**Work to be completed:** The lines below, from the one containing "บอกเลยว่าถ้าใครคิดที่จะซื้อคอนโดแถวนี้ นาทีนี้เวลานี้ต้อง 𝗜𝗗𝗘𝗢" through the one containing "バックル付きのサイドベルトがアクセントとなり、シンプルながらも存在感抜群◎", should be set down exactly, with no pictures and nothing else.

**Exercise data:**
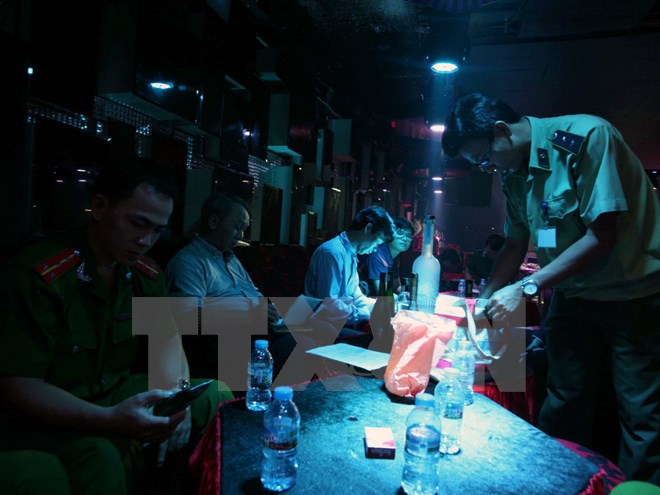 Lực lượng chức năng tiến hành kiểm tra các quán bar lớn. (Ảnh Báo VietnamPlus/TTXVN) |
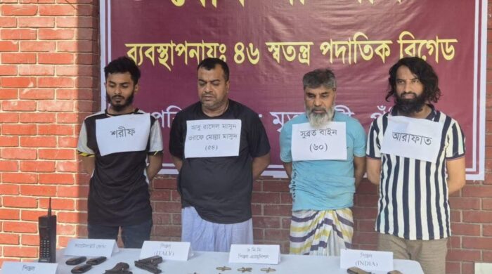 সোমবার ২৬ মে নরসিংদী মডেল থানা পুলিশের বিশেষ অভিযানে শীলমান্দি এলাকা থেকে ১টি বিদেশি পিস্তল,৫ রাউন্ড তাজা গুলি উদ্ধার সহ ৩ জন গ্রেফতার। গ্রেফতারকৃতরা হলেন, ১।মোঃ সাব্বির হোসেন(২০), পিতা-বিল্লাল হোসেন,
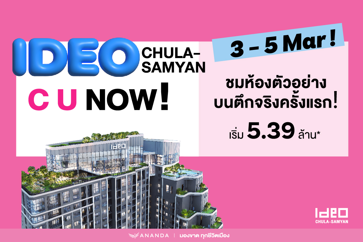 บอกเลยว่าถ้าใครคิดที่จะซื้อคอนโดแถวนี้ นาทีนี้เวลานี้ต้อง 𝗜𝗗𝗘𝗢 𝗖𝗵𝘂𝗹𝗮 – 𝗦𝗮𝗺𝘆𝗮𝗻 เท่านั้น มีแต่ได้กับได้ ทั้งอยู่เองก็สะดวก ทั้งลงทุนก็สบาย ห้ามพลาดเด็ดขาด จดวันกันไว้เลย 3-5 มี.ค.นี้ เปิดจองรอบ 𝗘𝗮𝗿𝗹𝘆 𝗕𝗶𝗿𝗱 ก่อนเข้าอยู่จริง พ.ค. นี้
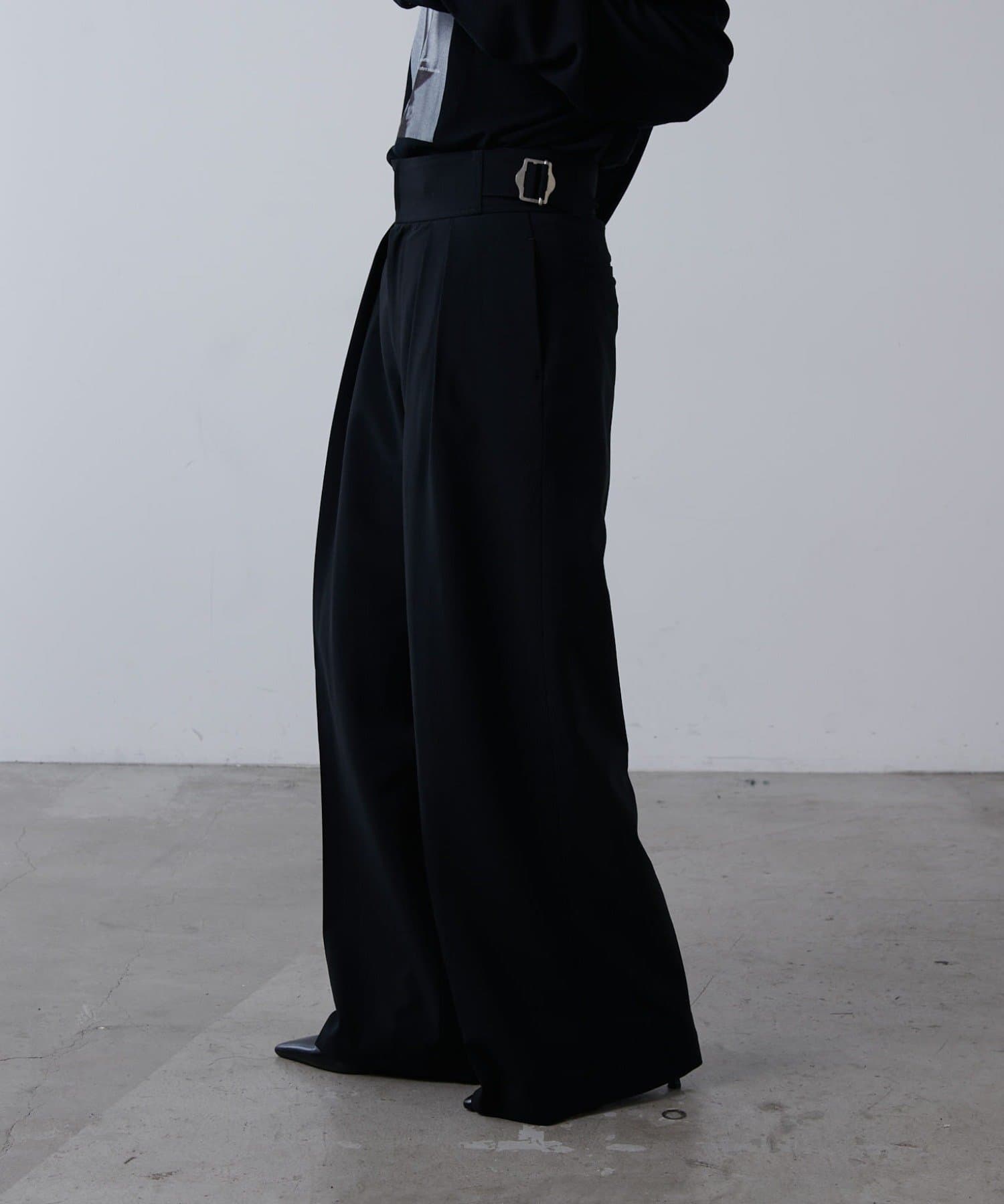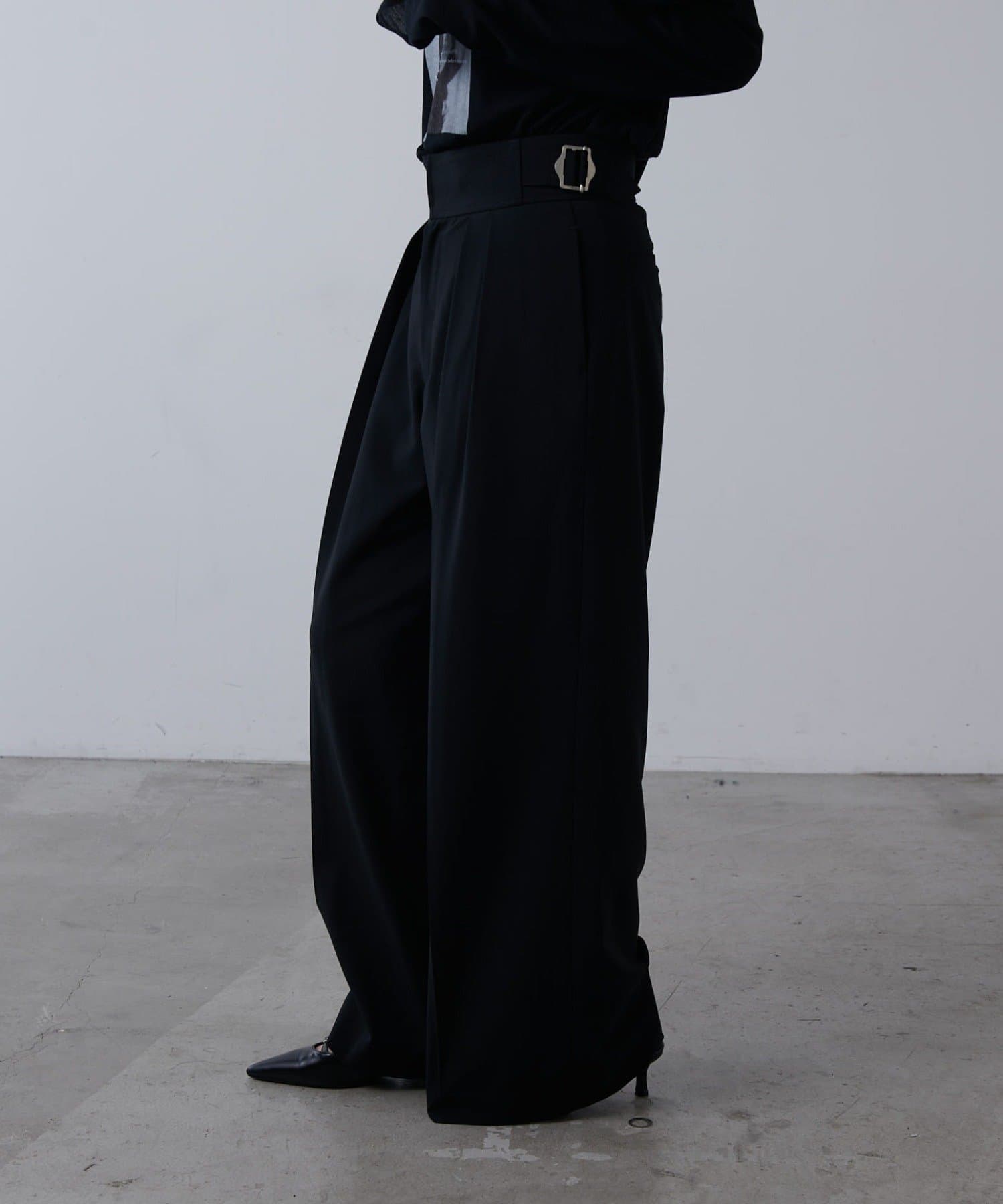 バックル付きのサイドベルトがアクセントとなり、シンプルながらも存在感抜群◎
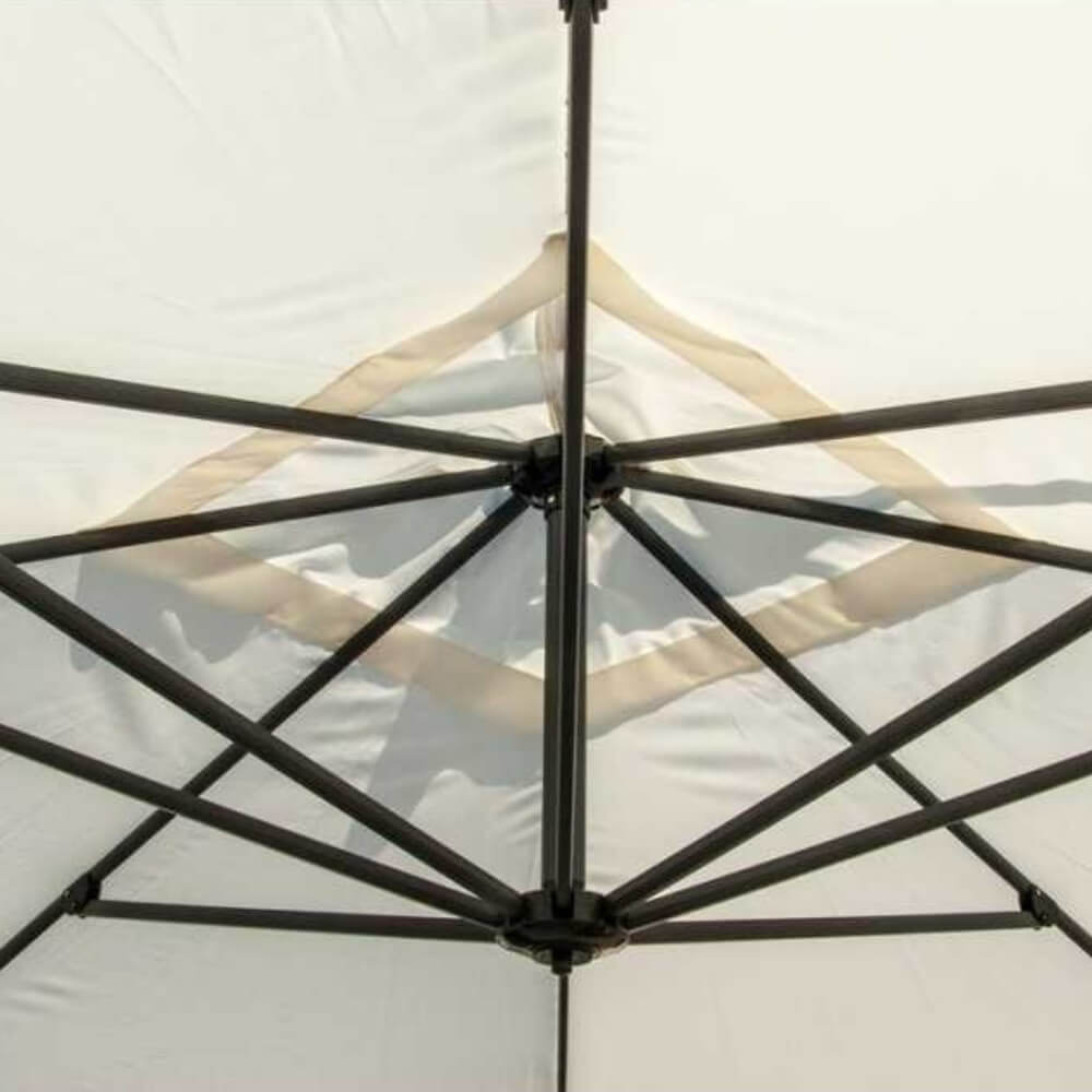 Materiales de calidad: lona de 3 metros de diámetro con la terminación final en plástico y un poste de aluminio inoxidable para asegurar una larga durabilidad, manivela de fácil uso.
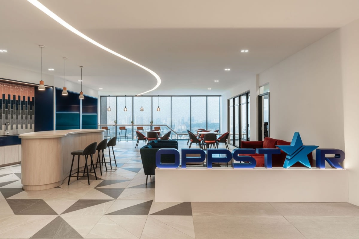 Oppstar embraced a modern Scandinavian design, characterised by mindful space utilisation and a sleek neutral palette accented with shades of blue to reflect their corporate identity. Featuring clean lines and expansive open areas, this design approach exhibits a sense of structure and lightness. Strategic bursts of vibrant colours introduce elements of energy and playfulness, creating a dynamic and inspiring environment for the team.
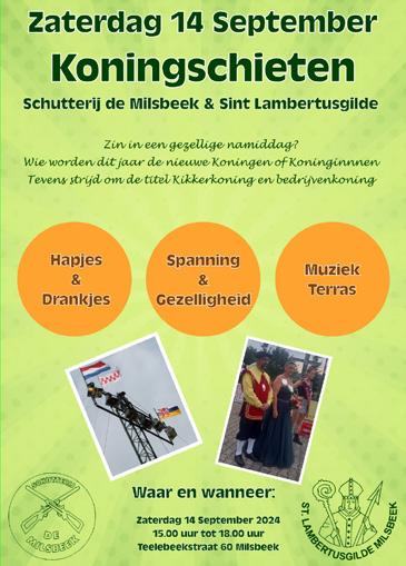 Van zaterdag 28 september tot en met dinsdag 1 oktober is het weer kermis in Milsbeek! Na een leuke en succesvolle editie van 2023 gaan we op dezelfde voet verder. Alle attracties van 2023 zullen ook dit jaar weer aanwezig zijn op het Schuttersplein. Daarnaast zullen we op zondag tussen 13.00-17.00 uur wat extra verrassende activiteiten organiseren, zodat ook deze editie weer onvergetelijk wordt. Ook krijgen alle (kermis) exploitanten wederom een ‘minimale’ financiële bijdrage voor hun bezoek aan Milsbeek.
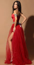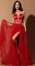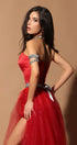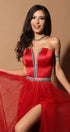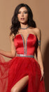 ДЪЛЪГ СЕТ ТОП С ПОЛА FROZEN САТЕН КАМЪНИ ТЮЛ БРОКАТ ЧЕРВЕН
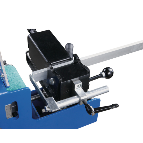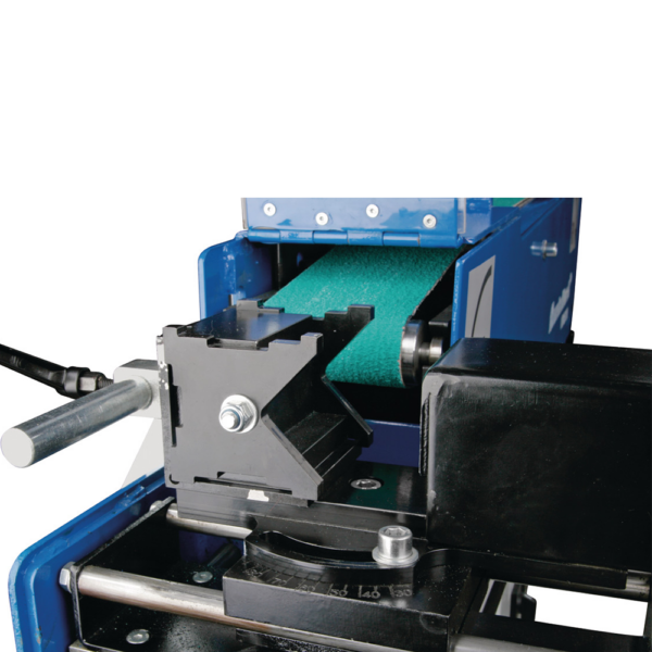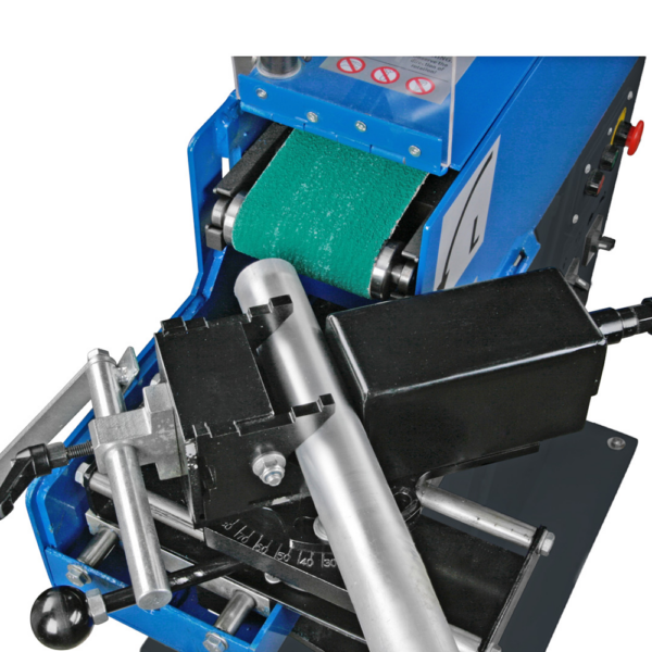 Urządzenie umożliwia szybkie przełączanie pomiędzy szlifowaniem rur a klasycznym szlifowaniem taśmowym, co znacząco zwiększa jego uniwersalność. Obrotowe szczęki mocujące zapewniają stabilne i bezpieczne mocowanie różnych kształtów materiału, a regulowany kąt szlifowania pozwala dopasować maszynę do konkretnego zadania.
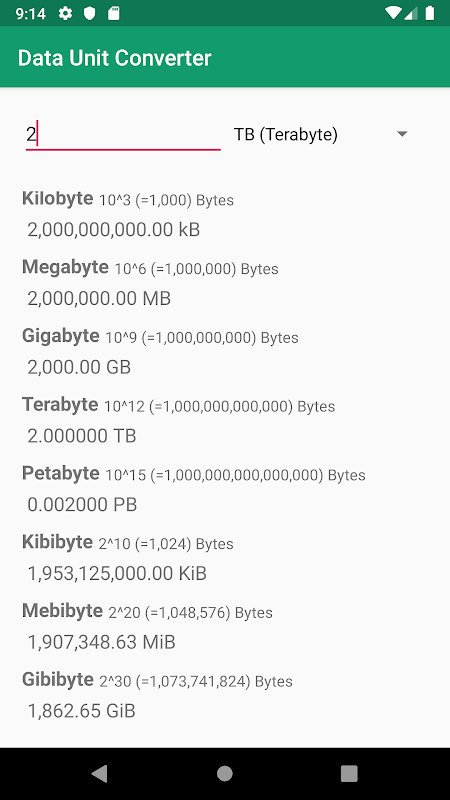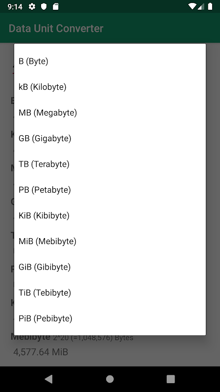 Alat untuk menukar antara pelbagai jenis data komputer (mis. MB -> GB)
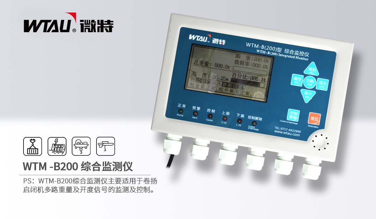 WTM-B200綜合監(jiān)測儀適用于卷揚啟閉機多路重量及開度信號的監(jiān)測及控制。

**Answer to this exercise:**
 บอกเลยว่าถ้าใครคิดที่จะซื้อคอนโดแถวนี้ นาทีนี้เวลานี้ต้อง 𝗜𝗗𝗘𝗢 𝗖𝗵𝘂𝗹𝗮 – 𝗦𝗮𝗺𝘆𝗮𝗻 เท่านั้น มีแต่ได้กับได้ ทั้งอยู่เองก็สะดวก ทั้งลงทุนก็สบาย ห้ามพลาดเด็ดขาด จดวันกันไว้เลย 3-5 มี.ค.นี้ เปิดจองรอบ 𝗘𝗮𝗿𝗹𝘆 𝗕𝗶𝗿𝗱 ก่อนเข้าอยู่จริง พ.ค. นี้
 バックル付きのサイドベルトがアクセントとなり、シンプルながらも存在感抜群◎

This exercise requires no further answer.